If you are a Shareholder entitled to attend and vote, you may appoint an individual or a body corporate as a proxy. If a body corporate is appointed as a proxy, that body corporate must ensure that it appoints a corporate representative in accordance with section 250D of the Corporations Act to exercise its powers as proxy at the AGM.

A proxy need not be a Shareholder of the Company. A Shareholder may appoint up to two proxies and specify the proportion or number of votes each proxy may exercise. If the Shareholder does not specify the proportion or number of votes to be exercised, each proxy may exercise half of the Shareholder’s votes.

To be effective, the proxy must be received at the share registry of the Company no later than 3.00pm (Brisbane time) on Sunday 27 November 2011 (48 hours before the commencement of the meeting). Proxies must be received before that time by one of the following methods:

Online: Shareholders may lodge their proxy votes online at http://www.investorcentre.linkmarketservices.com.au. To lodge your proxy vote online, you will need your Securityholder Reference Number (SRN) or Holder Identification Number (HIN) which is shown on the proxy form. By post: Link Market Services Limited Locked Bag A14 SYDNEY SOUTH NSW 1235 By facsimile: In Australia (02) 9287 0309 From outside Australia +61 2 9287 0309 By delivery: Link Market Services Limited Level 12, 680 George Street SYDNEY NSW 4000

To be valid, a proxy must be received by the Company in the manner stipulated above. The Company reserves the right to declare invalid any proxy not received in this manner.

Voting by Attorney

A proxy form and the original power of attorney (if any) under which the proxy form is signed (or a certified copy of that power of attorney or other authority) must be received by the Company no later than 3.00pm (Brisbane time) on Sunday 27 November 2011.

Corporate representatives

A body corporate which is a Shareholder, or which has been appointed as a proxy, is entitled to appoint any person to act as its representative at the AGM. The appointment of the representative must comply with the requirements under the Corporations Act. The representative should bring to the AGM a properly executed letter or other document confirming its authority to act as the company’s representative.

Important Dates

Date Event
By 14 November 2011 Dispatch of Notice of Meeting, Proxy Form and Explanatory
Memorandum to Shareholders which replaces those
dispatched on or around 27 October 2011
7.00pm (Brisbane time) Friday, 25 November 2011 Closing date for determining eligibility to vote at the Annual
General Meeting
3:00pm (Brisbane time) Sunday, 27 November 2011 Latest time for receipt of proxies
3:00pm (Brisbane time) Tuesday, 29 November 2011 Annual General Meeting

3

Replacement Explanatory Memorandum

CBio Limited ACN 094 730 417

This Replacement Explanatory Memorandum accompanies and forms part of the Replacement CBio Limited Notice of General Meeting to be held at the East Auditorium, BTP Technology Conference Centre, 1 Clunies Ross Court, Eight Mile Plains, QLD, 4113 on Tuesday, 29 November 2011 at 3:00pm (AEST). The Replacement Notice of Annual General Meeting should be read together with this Replacement Explanatory Memorandum, together forming the Notice of Meeting.

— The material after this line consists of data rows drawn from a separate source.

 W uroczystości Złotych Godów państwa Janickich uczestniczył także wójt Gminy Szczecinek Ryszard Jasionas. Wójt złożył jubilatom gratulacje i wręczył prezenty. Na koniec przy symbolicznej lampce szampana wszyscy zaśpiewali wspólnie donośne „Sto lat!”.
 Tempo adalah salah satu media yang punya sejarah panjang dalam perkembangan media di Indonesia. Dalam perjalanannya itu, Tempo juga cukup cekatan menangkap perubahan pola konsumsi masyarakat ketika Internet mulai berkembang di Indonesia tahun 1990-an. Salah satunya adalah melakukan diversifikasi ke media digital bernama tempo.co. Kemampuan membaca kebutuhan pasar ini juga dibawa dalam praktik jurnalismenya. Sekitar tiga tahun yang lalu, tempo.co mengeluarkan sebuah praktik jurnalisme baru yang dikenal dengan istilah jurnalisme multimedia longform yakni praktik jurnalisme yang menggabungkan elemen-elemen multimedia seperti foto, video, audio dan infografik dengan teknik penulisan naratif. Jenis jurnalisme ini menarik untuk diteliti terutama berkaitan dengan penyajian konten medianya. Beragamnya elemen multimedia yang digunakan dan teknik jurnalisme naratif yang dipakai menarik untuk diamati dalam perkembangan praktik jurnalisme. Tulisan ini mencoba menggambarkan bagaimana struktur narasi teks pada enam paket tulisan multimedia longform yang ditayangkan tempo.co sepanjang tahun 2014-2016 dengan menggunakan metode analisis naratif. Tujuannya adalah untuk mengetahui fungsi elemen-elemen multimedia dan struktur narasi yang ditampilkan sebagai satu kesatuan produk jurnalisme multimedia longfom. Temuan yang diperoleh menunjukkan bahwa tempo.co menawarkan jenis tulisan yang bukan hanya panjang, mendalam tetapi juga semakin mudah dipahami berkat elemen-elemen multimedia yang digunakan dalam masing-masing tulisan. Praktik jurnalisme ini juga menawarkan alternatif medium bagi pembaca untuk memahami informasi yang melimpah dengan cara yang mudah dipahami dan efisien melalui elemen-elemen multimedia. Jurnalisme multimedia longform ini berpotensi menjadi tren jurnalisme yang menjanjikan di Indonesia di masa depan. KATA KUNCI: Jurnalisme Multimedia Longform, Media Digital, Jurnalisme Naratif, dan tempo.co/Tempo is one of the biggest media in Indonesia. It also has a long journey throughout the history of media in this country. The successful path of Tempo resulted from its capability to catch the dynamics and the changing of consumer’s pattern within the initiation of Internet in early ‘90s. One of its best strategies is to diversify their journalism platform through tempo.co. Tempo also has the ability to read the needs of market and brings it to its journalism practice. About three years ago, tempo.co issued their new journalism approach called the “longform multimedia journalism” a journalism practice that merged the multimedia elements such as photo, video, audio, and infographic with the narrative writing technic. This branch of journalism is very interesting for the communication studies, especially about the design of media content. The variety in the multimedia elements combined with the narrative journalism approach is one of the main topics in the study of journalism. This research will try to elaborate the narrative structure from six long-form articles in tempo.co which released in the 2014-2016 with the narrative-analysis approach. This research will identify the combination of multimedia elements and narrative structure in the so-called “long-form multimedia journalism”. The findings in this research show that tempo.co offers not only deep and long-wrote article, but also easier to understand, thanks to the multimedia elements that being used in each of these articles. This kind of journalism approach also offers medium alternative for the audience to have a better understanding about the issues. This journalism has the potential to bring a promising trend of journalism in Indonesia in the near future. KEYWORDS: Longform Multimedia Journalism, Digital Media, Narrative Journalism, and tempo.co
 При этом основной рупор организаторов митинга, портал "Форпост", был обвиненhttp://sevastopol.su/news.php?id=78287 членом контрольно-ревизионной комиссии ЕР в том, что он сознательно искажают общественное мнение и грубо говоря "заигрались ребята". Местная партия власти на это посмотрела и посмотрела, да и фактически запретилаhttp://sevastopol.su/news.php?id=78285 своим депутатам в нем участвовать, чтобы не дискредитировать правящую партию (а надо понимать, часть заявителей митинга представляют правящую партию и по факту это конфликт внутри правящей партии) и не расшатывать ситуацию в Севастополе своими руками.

Capitalised terms used in this Replacement Explanatory Memorandum have the meaning set out in the Glossary section of this Replacement Explanatory Memorandum.

Financial Statements and Reports

The Corporations Act requires the report of the Directors, the report of the Auditor and the financial reports to be presented to the annual general meeting. In addition, the Company’s constitution provides for such reports and statements to be received and considered at the meeting. There is no vote required on this resolution.

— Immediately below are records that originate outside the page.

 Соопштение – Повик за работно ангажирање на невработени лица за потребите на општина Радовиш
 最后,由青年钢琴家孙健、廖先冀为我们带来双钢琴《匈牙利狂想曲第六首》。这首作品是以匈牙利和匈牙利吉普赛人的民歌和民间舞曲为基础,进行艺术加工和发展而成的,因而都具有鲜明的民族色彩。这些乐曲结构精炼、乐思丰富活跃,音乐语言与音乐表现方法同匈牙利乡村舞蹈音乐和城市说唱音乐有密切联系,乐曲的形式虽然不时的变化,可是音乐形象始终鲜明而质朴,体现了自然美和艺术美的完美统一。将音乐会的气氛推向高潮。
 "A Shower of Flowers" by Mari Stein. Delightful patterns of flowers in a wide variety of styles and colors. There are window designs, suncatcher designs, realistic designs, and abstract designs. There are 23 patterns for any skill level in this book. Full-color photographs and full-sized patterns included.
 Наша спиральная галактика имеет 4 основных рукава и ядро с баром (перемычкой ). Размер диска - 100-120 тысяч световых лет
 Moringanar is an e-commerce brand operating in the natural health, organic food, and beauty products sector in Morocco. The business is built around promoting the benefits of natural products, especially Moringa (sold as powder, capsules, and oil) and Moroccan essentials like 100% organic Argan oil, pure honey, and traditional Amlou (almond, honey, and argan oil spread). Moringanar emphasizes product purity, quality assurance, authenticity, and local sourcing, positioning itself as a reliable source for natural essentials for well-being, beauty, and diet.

Following the presentation of the report of the Auditor and the financial reports to the meeting, the Chairman will give Shareholders a reasonable opportunity to ask questions about or to make comments upon the reports.

Resolution 1- Directors’ Remuneration Report

The Corporations Act requires that the section of the report of the Directors dealing with the remuneration of the Directors and Executives ( Remuneration Report ) be put to Shareholders for adoption by way of a non-binding vote. Under the current legislation, this vote is advisory and does not bind the Directors or the Company in relation to the remuneration policy.

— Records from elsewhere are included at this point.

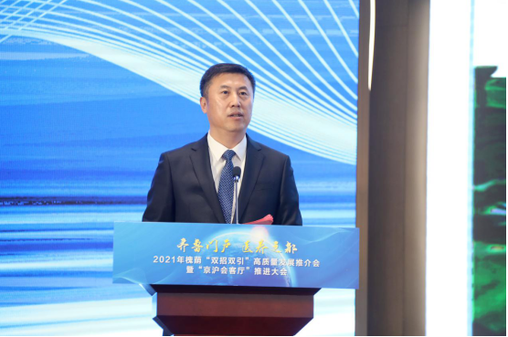 3月16日上午,“齊魯門戶 醫(yī)養(yǎng)之都”2021年槐蔭“雙招雙引”高質量發(fā)展推介會暨“京滬會客廳”推進大會在濟南市槐蔭區(qū)京滬會客廳舉行。山東省國欣文化旅游發(fā)展集團有限公司(簡稱“國欣文旅”)黨委副書記、總經理丁藝出席活動并致辭。大會由槐蔭區(qū)委副書記、區(qū)政府黨組書記孫常建主持并介紹領導出席情況?;笔a區(qū)委書記李國強致辭。
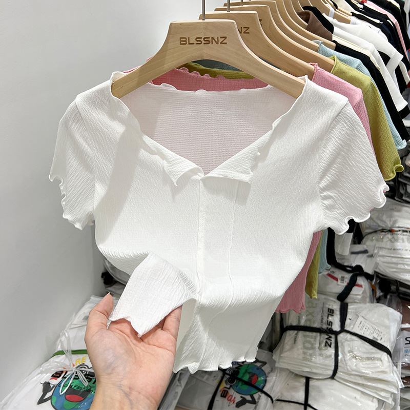 v领白色短袖t恤女设计感小众夏季新款修身独特别致短款上衣女
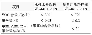 由于玩具直接與人體特別是兒童密切接觸,玩具涂料中有害物質(zhì)主要有重金屬類(lèi)、鄰苯類(lèi)增塑劑和有機(jī)溶劑等三大類(lèi),一旦其中有害物質(zhì)超標(biāo)將會(huì)影響到兒童身體健康。為確保兒童身體健康,我國(guó)首部《玩具用涂料中有害物質(zhì)限量》強(qiáng)制性國(guó)家標(biāo)準(zhǔn)GB24613-2009將于2010年10月1日起正式實(shí)施。由于水性木器涂料能夠做到不含鄰苯二甲酸酯、總鉛及可溶性重金屬符合標(biāo)準(zhǔn)要求,且VOC、苯系物含量遠(yuǎn)遠(yuǎn)低于GB24613-2009限量指標(biāo),2個(gè)標(biāo)準(zhǔn)對(duì)比見(jiàn)表2。
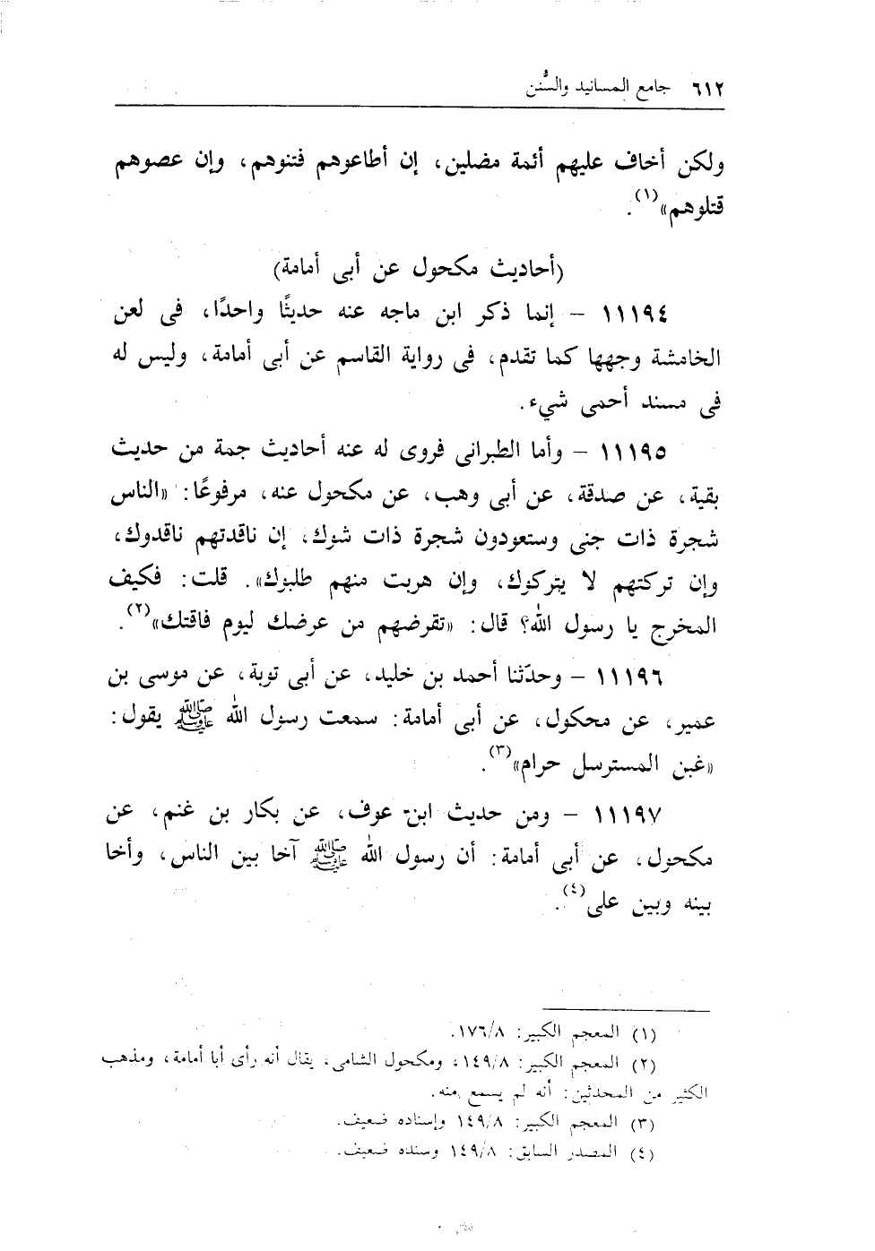 (¬1) المعجم الكبير: 8/149، ومكحول الشامى، يقال أنه رأى أبا أمامة، ومذهب الكثير من المحدثين: أنه لم يسمع منه.

However, under a recent amendment to the Corporations Act ( Legislative Amendment ), if 25% or more of votes that are cast on this non-binding resolution are voted against the adoption of the Remuneration Report, at two consecutive annual general meetings, shareholders will be required to vote at the second of these annual general meetings on a resolution ( a spill resolution ) that another meeting be held within 90 days ( spill meeting ), at which:

  • a) all of the Company’s Directors (other than the Managing Director) cease to hold office immediately before the end of the spill meeting; and

  • b) resolutions to appoint persons to offices that will be vacated immediately before the end of the spill meeting will be put to the vote at the spill meeting.

The policy behind this Legislative Amendment is to provide an additional level of accountability for directors and increased transparency for shareholders. If a company receives significant “no” votes on its remuneration report over two consecutive years, and has not adequately addressed concerns raised by shareholders, it is thought appropriate for the board to be held accountable through the re-election process.

The Legislative Amendment is intended to strengthen the non-binding vote and to maintain the fundamental principle underlying Australia’s corporate governance framework that directors are responsible for, and accountable to, shareholders on all aspects of the management of the company, including the amount and composition of executive remuneration.

The Remuneration Report may be found in the Annual Report and sets out the remuneration policy for CBio and:

  • (a) reports and explains the remuneration arrangements in place for executive directors, senior management and nonexecutive directors;

  • (b) explains Board policies in relation to the nature and value of remuneration paid to non-executive directors, executives and senior managers within CBio; and

  • (c) discusses the relationship between the Board policies and CBio performance.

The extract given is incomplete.